Hyderabad Bank of ITA has confirmed an addition made by the Income Tax Department regarding an unsecured loan from a shell company as the assessee failed to prove the authenticity and creditor’s solvency under section 68 of the Income Tax Act 1961.
During the valuation procedure, the valuation officer asked the assessee, a company located in Hyderabad, to prove the creditworthiness of an unsecured loan of approximately Rs. 46 crores from an entity to Kolkata.
The assessee produced documents from the creditors, including their tax return acknowledgments, copies of bank statements reflecting loan transactions, their explanation regarding the source of funds as well as confirmations to lower authorities, if thus discharging the triple burden of identity, authenticity, and solvency under section 68 of the Act.
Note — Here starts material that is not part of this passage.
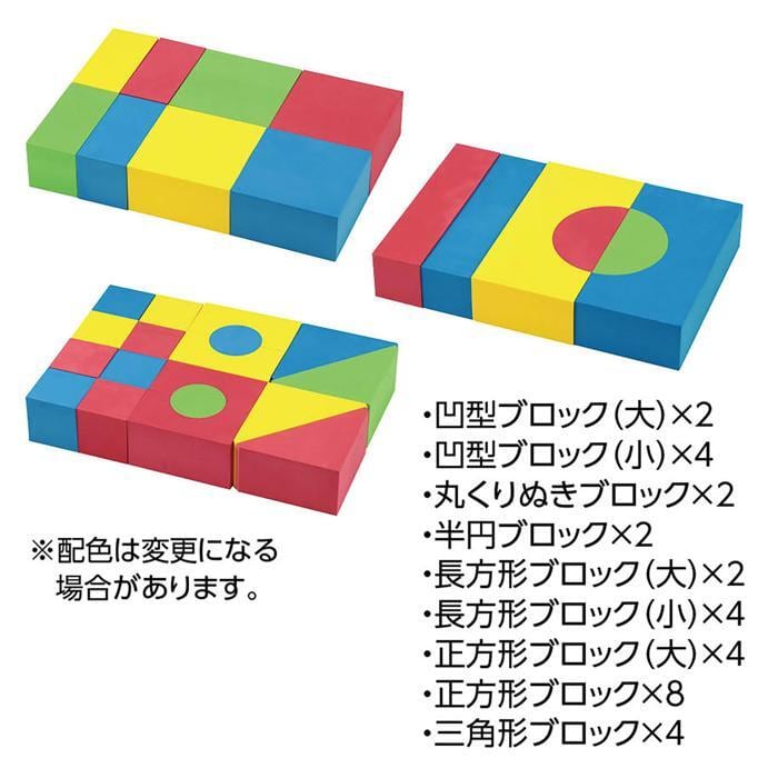 # セット内容 凹型ブロック(大)×2、凹型ブロック(小)×2、丸くりぬきブロック×1、半円ブロック×2、丸型ブロック×2、長方形ブロック(大)×2、長方形ブロック(小)×4、方形ブロック(大)×4、方形ブロック×8、三角形ブロック×4(色取り混ぜ)、取説×1

The Tribunal Bench consisting of Accountant Member Shri A.Mohan Alankamony and Judicial Member Shri SSGodara relied on the decision of the Apex Court in PCIT Vs. NRA Iron and Steel Pvt. Ltd., in which it was held that the mere filing of documentary evidence does not in itself prove the authenticity or worthiness of a matter relating to unexplained cash credits.
Confirming the addition, the Tribunal observed that the assessee is the promoter/CEO of a highly reputable entity and his staff members in Kolkata only arranged for the disputed unsecured loans.
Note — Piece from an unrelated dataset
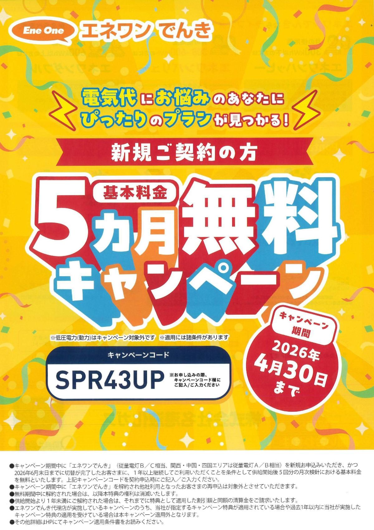 エネワンでんき「基本料金5ヵ月無料キャンペーン」のご案内

“This convincing explanation does little to the rescue of the assessee since it goes against all human probabilities that a person, unknown in Kolkata, could receive such large sums of unsecured loans without any surety. This is in addition to the fact that he did not produce a single employee who arranged all these loans. We therefore conclude in light of the foregoing Settlement Law as well as the relevant facts and circumstances herein that the Assessed has failed to prove the authenticity and creditworthiness of the disputed unsecured loan monies. We therefore find no reason to interfere with the action of the learned lower authorities making the disputed addition,” the Tribunal concluded.